A 1940s hardware sign finds a new home at the American Sign Museum
In homage to the museum’s host city, we are focusing on a “Signs of Cincinnati” theme for the new home’s events area. Because the majority of those visiting the museum for a reception or other event would probably be local folks, we wanted to feature our collection of local signs in some capacity.
That was really the only nod to our hometown until recently . . .
The Over-the-Rhine area of Cincinnati has been undergoing redevelopment during the last two years, particularly the Vine St. corridor. Among the local businesses on Vine that closed down was Rohs (pronounced “Ross”) Hardware, located in an 1880s storefront typical of Over-the-Rhine. Rohs Hardware opened for business in 1933 under the management of its proprietor, one Albert G. Rohs.

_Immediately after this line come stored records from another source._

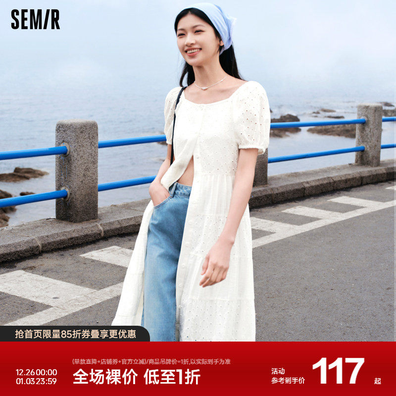 森马连衣裙女方领拼接中长裙度假风2024夏新款镂空肌理小白裙法式
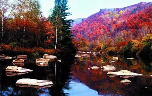 早年間叫的是"養(yǎng)胡溝",是深山老林中土匪藏身的地方。上個(gè)世紀(jì)末本桓線還沒(méi)修通,但已經(jīng)有大批的畫家追尋美景爬山涉水來(lái)這里寫生,人稱"畫家村"。每年的九月下旬始,輕霜慢慢浸透山野,構(gòu)成了一幅幅另人嘆為觀止的眩目"楓景"。
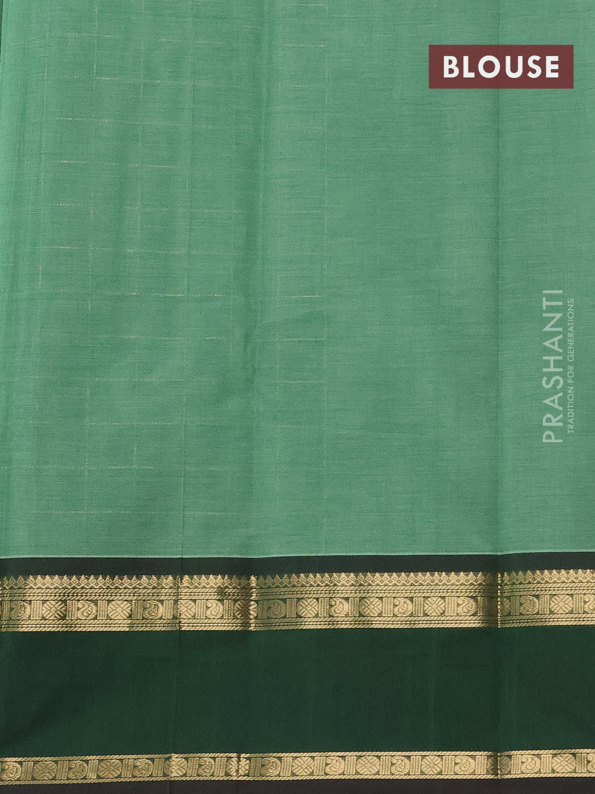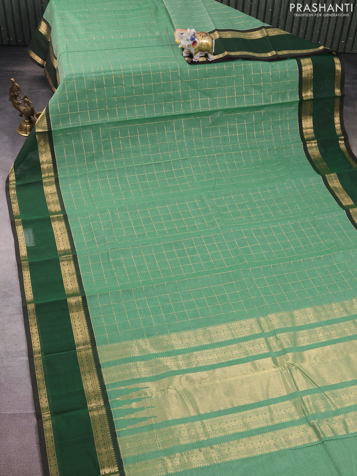 Kanchi cotton saree pastel green and dark green with allover zari checked pattern and rettapet zari woven border
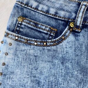 Cute, studded, acid wash, denim, jean shorts, Nicki Minaj, street wear, short shorts, summer, sexy, night out, stretchy, booty short, embellished, destructed, daisy dukes, mid rise, raw hem, cutoff
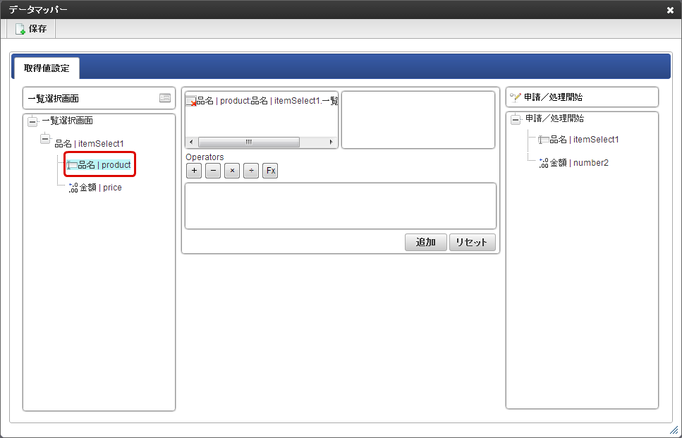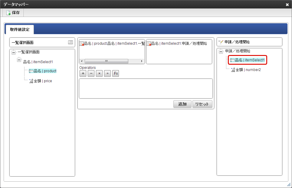 左の一覧選択画面の一覧項目から反映したい項目をクリックします。
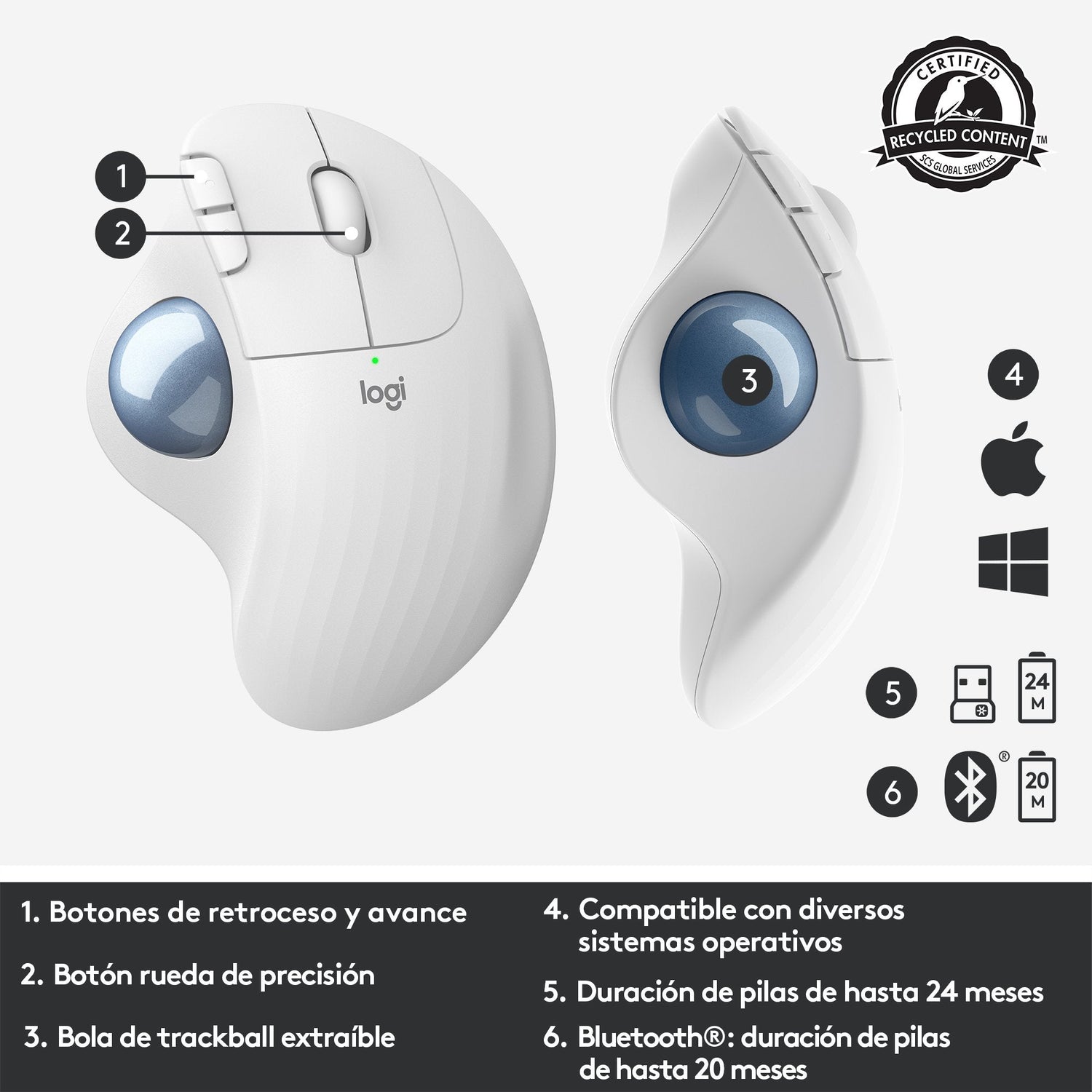 Logitech ERGO M575. Factor de forma: mano derecha. Tecnología de detección de movimientos: Trackball, Interfaz del dispositivo: RF Wireless + Bluetooth, Resolución de movimiento: 2000 DPI, Tipo de botones: Botones presionados, Cantidad de botones: 5, Tipo de desplazamiento: Rueda. Fuente de energía: Baterías. Color del producto: Blanco
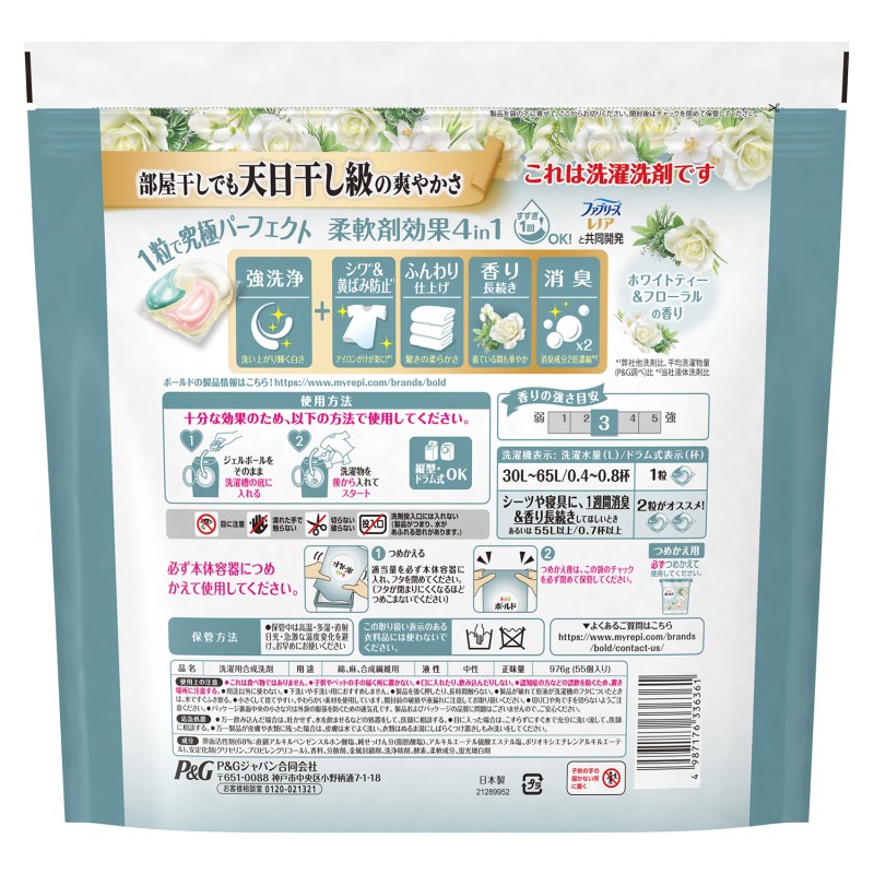 シエチレンアルキルエーテル)、安定化剤(グリセリン、プロピレングリコール)、香料、分散剤、金属封鎖剤、洗浄助剤、酵素、柔
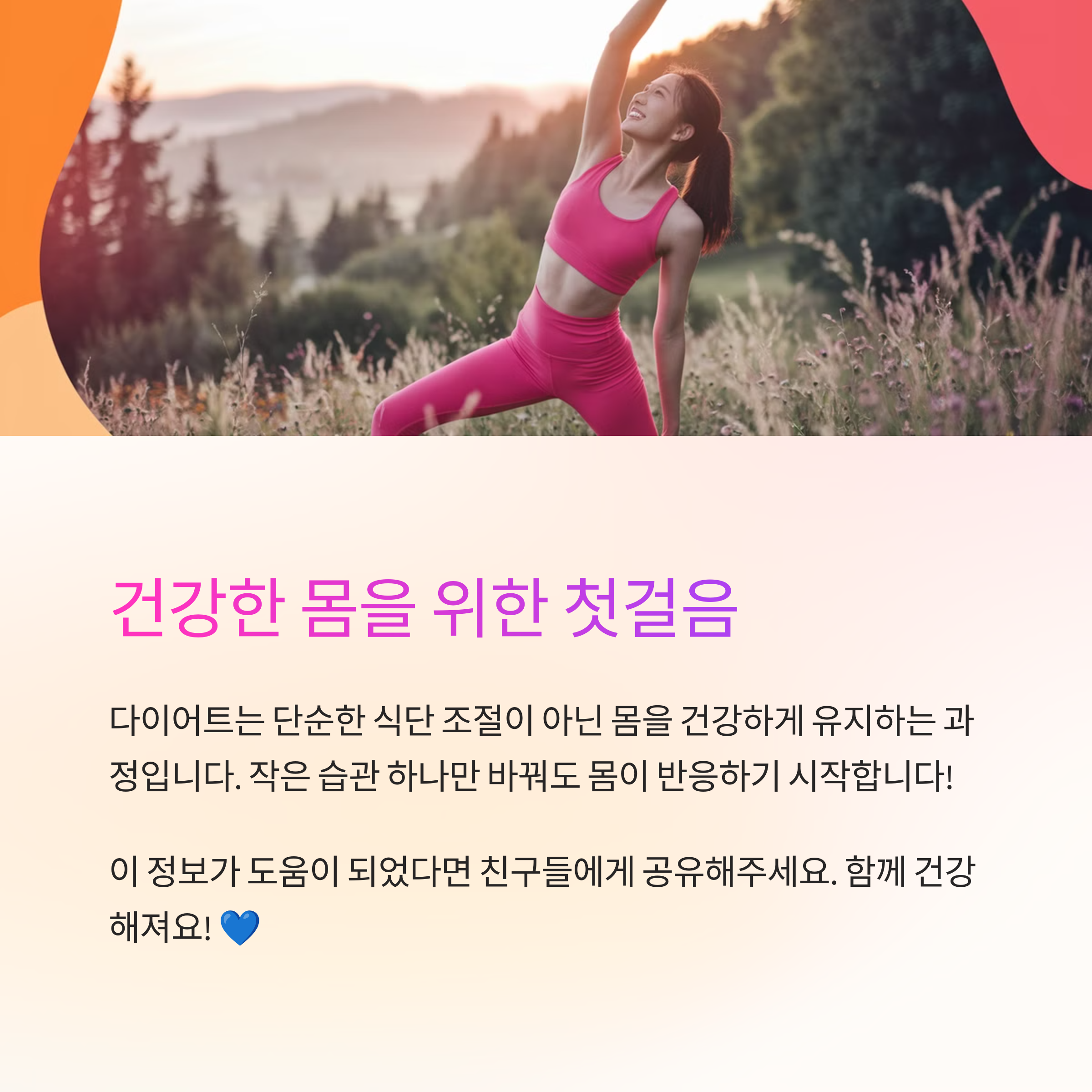 오늘 배운 내용을 바탕으로 나에게 맞는 다이어트 방법을 찾아보세요. 작은 습관 하나만 바꿔도 몸이 반응하기 시작합니다!
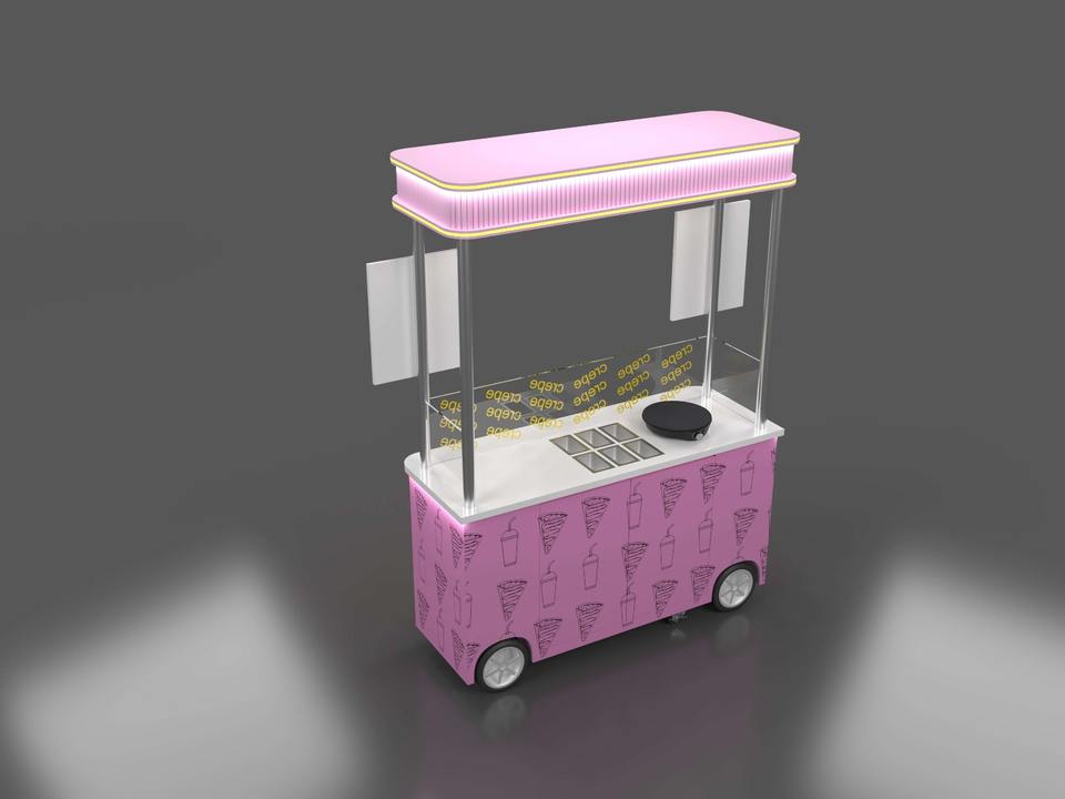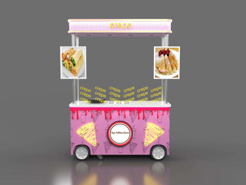 Charrette à crêpes mignonne, stand de restauration rapide rose en plein air, comptoir à bretzels, petite taille, kiosque mobile
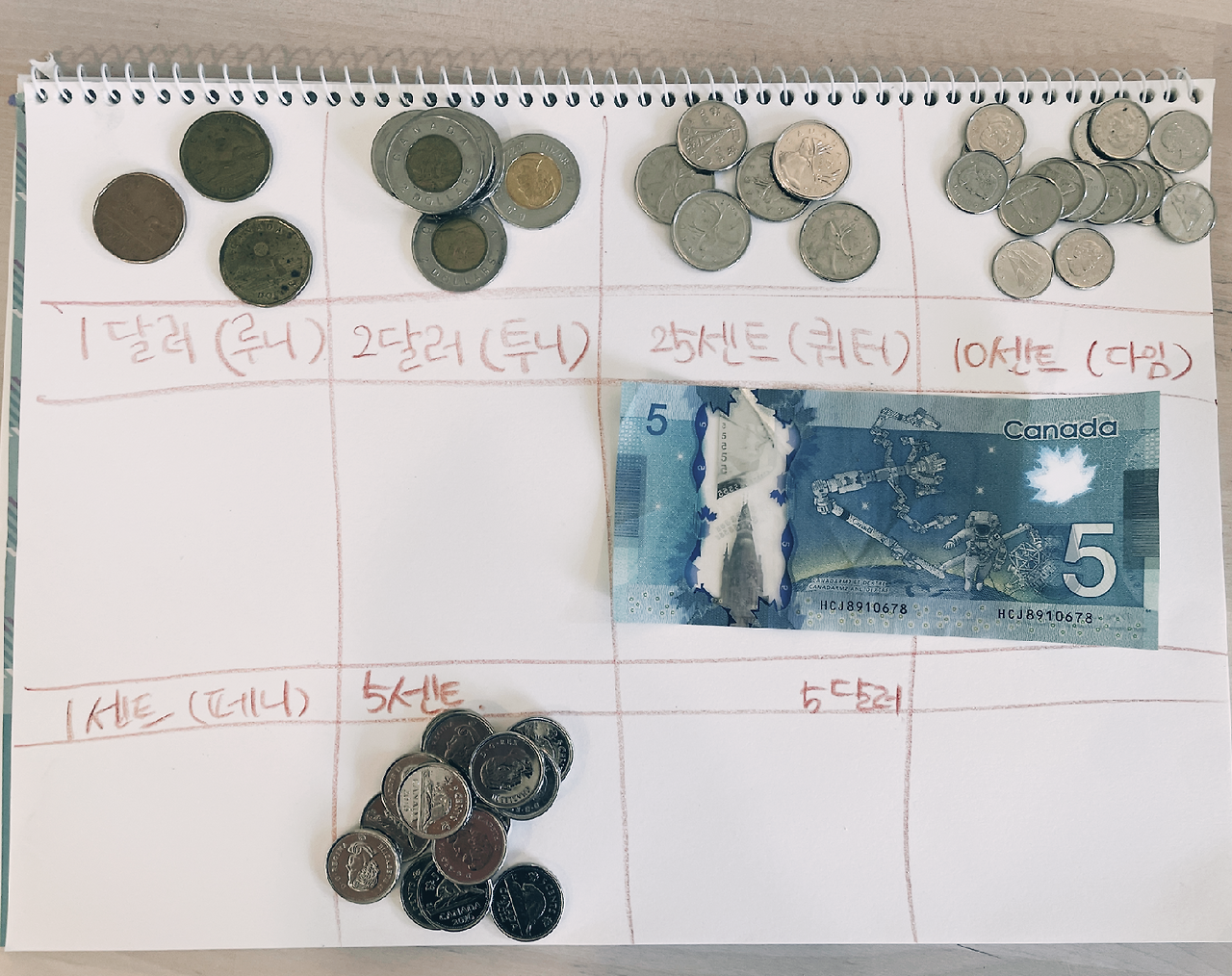 첫 번째는 낯선 캐나다 화폐에 익숙해지기 위함이었어요. 카드 결제가 많다 보니 지폐나 동전을 직접 다룰 기회가 적더라고요.

What caught my eye originally were the neon-illuminated, porcelain enamel letters that fronted the building. Circa late 1940s or early 1950s, I guessed. I had approached the current owner – Albert R. Rohs, Albert’s son – about the letters upon seeing “Going out of business” signs in the window back in the late spring.
However, when I walked up to the front door, I realized that the entire storefront had been retrofitted with porcelain enamel panels, stretching from the sidewalk to approximately 12 ft. high, or roughly 3-4 ft. above the storefront windows. I thought to myself, “What a great addition the façade would make to our ‘Signs on Main Street’ exhibit area.”
As it turned out, the business did close, and a local developer, Rick Kimbler of Northpointe Realty (Cincinnati), acquired the building from Rohs. I asked him about the intended fate of the porcelain panels, and he said they were probably going to remove and discard them. I told him of my plans, and he thought it an appropriate re-use. He agreed to talk with his general contractor, Bill Baum of Cincinnati-based Urban Sites.
A few days later, Baum gave me a basic go-ahead, suggesting we meet to coordinate the removal of the porcelain letters and panels. In the meantime, I called Sean Druley, who would be building all of our displays and storefronts, just as he had at the existing museum.
We drove downtown, tape measures in-hand, to see how it might fit into the already designed streetscape. As luck would have it, we saw that we could eliminate one row of vertical panels and fit the slightly diminished storefront into an existing storefront space.
Then a road block presented itself. When I met Baum later that week, he brought along Mark Gunther of Wichman Gunther Architects. “There’s a good deal of Federal money financing the redevelopment,” Gunther said, “and we have to meet historic-preservation criteria. Odds are, removing the panels will jeopardize the federal money.” My heart sank.
Of course, I was conflicted. I’m all for historic preservation, and, quite honestly, I could understand why leaving the panels intact was the right thing to do.
In the meantime, the Cincinnati Enquirer, our local daily, featured the museum’s new home in its Labor Day weekend Sunday edition. The possible reuse of the Rohs storefront was mentioned. That prompted Albert’s daughter, Karen Rohs Laib, to e-mail the reporter about how great it would be if the Rohs storefront went to the museum. I sent copies to all the parties involved.
Three or four weeks went by, and then I got call from Bill Baum. “Hey, they’re all yours,” he said anticlimactically. “Let me know if you need my crew’s help in getting them down.” I immediately called Sean and told him the great news.
Baum had requested the porcelain be removed as soon as possible, so we opted for Tuesday at 1 p.m., leaving the following day to finish the job.
It rained all Monday and into the next day, but, just around noon, it cleared up. We enlisted the help of a friend, Toby Costello, and set to work by 1 p.m. By 5 p.m. that day, we had all the panels and letters down and strapped onto my trailer – far ahead of schedule. Wednesday, our original completion day, it rained from dawn to dusk.